At Westonci.ca, we provide reliable answers to your questions from a community of experts. Start exploring today! Our platform provides a seamless experience for finding precise answers from a network of experienced professionals. Our platform provides a seamless experience for finding reliable answers from a network of experienced professionals.
Sagot :
Answer:
[tex]2.5\; {\rm s}[/tex], assuming that acceleration would be constant when the brakes are applied.
Explanation:
Ensure that all quantities are in standard units. Initial velocity of the bus would be:
[tex]\displaystyle u = 72\; {\rm km\cdot h^{-1}} \times \frac{1\; {\rm h}}{3600\; {\rm s}} \times \frac{1000\; {\rm m}}{1\; {\rm km}} = 20\; {\rm m\cdot s^{-1}}[/tex].
In a motion where acceleration is constant, average velocity during the entire motion would be equal to the average between initial velocity [tex]u[/tex] and final velocity [tex]v[/tex]:
[tex]\displaystyle (\text{average velocity}) = \frac{u + v}{2}[/tex].
In this question, assuming that acceleration of the bus is constant while the brake is applied, average velocity of the bus during the entire motion would be the average of the velocity before and after applying the brakes:
- Initial velocity would be [tex]u = 20\; {\rm m\cdot s^{-1}}[/tex].

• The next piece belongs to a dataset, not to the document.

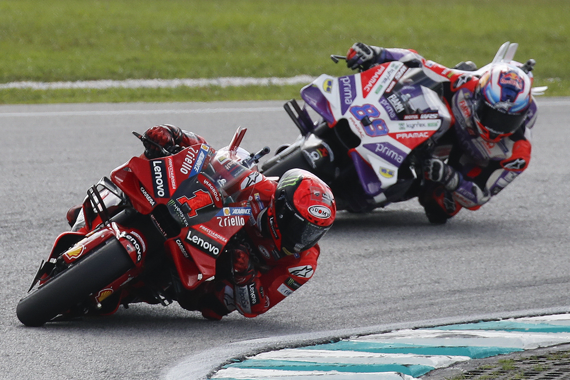 Sepang (Malasia), 13 nov (EFE).- El italiano Francesco "Pecco" Bagnaia (Ducati Desmosedici GP23) le volvió a ganar la "batalla moral" al español Jorge Martín (Ducati Desmosedici GP23) al acabar por delante de él el Gran Premio de Malasia de MotoGP.

- Final velocity would be [tex]0\; {\rm m\cdot s^{-1}}[/tex].
[tex]\begin{aligned} (\text{average velocity}) &= \frac{u + v}{2}\\ &= \frac{20\; {\rm m\cdot s^{-1}} + 0\; {\rm m\cdot s^{-1}}}{2} \\ &= 10\; {\rm m\cdot s^{-1}}\end{aligned}[/tex].
To find the duration of the motion, divide displacement by average velocity:
[tex]\begin{aligned}(\text{time required}) &= \frac{(\text{displacement})}{(\text{average velocity})} \\ &= \frac{25\; {\rm m}}{10\; {\rm m\cdot s^{-1}}} \\ &= 2.5\; {\rm s}\end{aligned}[/tex].
We hope our answers were useful. Return anytime for more information and answers to any other questions you have. Thanks for stopping by. We strive to provide the best answers for all your questions. See you again soon. Thank you for using Westonci.ca. Come back for more in-depth answers to all your queries.